- Other names: Hypercalcinuria
- Specialty: Endocrinology

= Hypercalciuria =

Hypercalciuria is the condition of elevated calcium in the urine. Chronic hypercalciuria may lead to impairment of renal function, nephrocalcinosis, and chronic kidney disease. Patients with hypercalciuria have kidneys that excrete higher levels of calcium than normal, for which there are many possible causes. Calcium may come from one of two paths: through the gut where higher than normal levels of calcium are absorbed by the body or mobilized from stores in the bones. After initial 24 hour urine calcium testing and additional lab testing, a bone density scan (DSX) may be performed to determine if the calcium is being obtained from the bones.

Hypercalciuria in patients can be due to underlying genetic causes.

==Signs and symptoms==

There are no clinical signs or symptoms of hypercalciuria itself but elevated calcium in the urine can contribute to accelerated loss of calcium from bone leading to osteoporosis. Additionally, hypercalciuria can contribute to kidney stone formation which may present with flank or back pain that comes and goes. It can be painful to pass kidney stones and in extreme cases cause kidney damage. Patients that both form kidney stones and have hypercalciuria are at increased risk for bone loss leading to osteoporosis.

== Causes ==
There are a number of causes of hypercalciuria including genetic (idiopathic), primary hyperparathyroidism, immobilization, pagets disease, Multiple Myeloma, Calcium excess, Vitamin D excess/increased sensitivity, drug-induced hypercalciuria, sarcoidosis, hyperthyroidism, Cushing's disease, and renal tubular acidosis.

Idiopathic hypercalciuria is defined as elevated calcium in the urine without an identifiable cause despite low to normal calcium intake and otherwise normal lab values.

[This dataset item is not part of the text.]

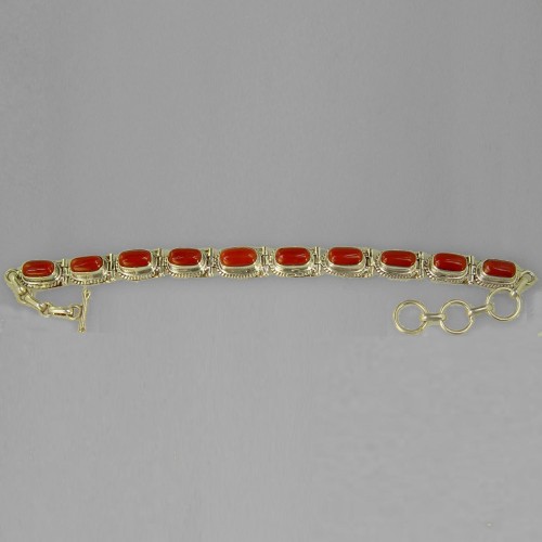 Red Coral Cabs Sterling Silver Link 6.75″ to 8″ Bracelet, 15 CTW

In addition to hypercalciuria, these individuals often have associated low bone density. There can be an underlying genetic component that is beyond current genetic testing available. In familial cases it is common that 50% of first degree relatives are affected. Despite a potential genetic component, urine calcium levels can be influenced by dietary items including sodium, protein, and sugars.

== Diagnosis ==
The gold standard to assess for hypercalciuria is 24-hour urine collection to evaluate urine calcium levels over that time period. Normal range is considered 100 to 300 milligrams per day (mg/day) with standard calcium intake. Hypercalciuria is diagnosed when a value over 300 mg/day is identified.

Additional laboratory testing is warranted in the setting of hypercalciuria in order to identify a potential underlying cause.

== Treatment ==
===Dietary interventions===

Patients suffering from low bone density, hypercalciuria, and stone formation should increase daily fluid consumption and focus on a low sodium and low protein diet. Reducing calcium intake to attempt to remedy elevated urine calcium has been shown to further progress bone loss without an effect on urine calcium loss.

===Pharmacological interventions===

The use of thiazide diuretics has been effective in reducing urine calcium loss and has an activating effect on bone forming cells. Potassium citrate in conjunction with thiazide diuretics is another medication that has been shown to have a positive impact on bone formation but also decrease the crystallization of calcium based stones in the kidneys.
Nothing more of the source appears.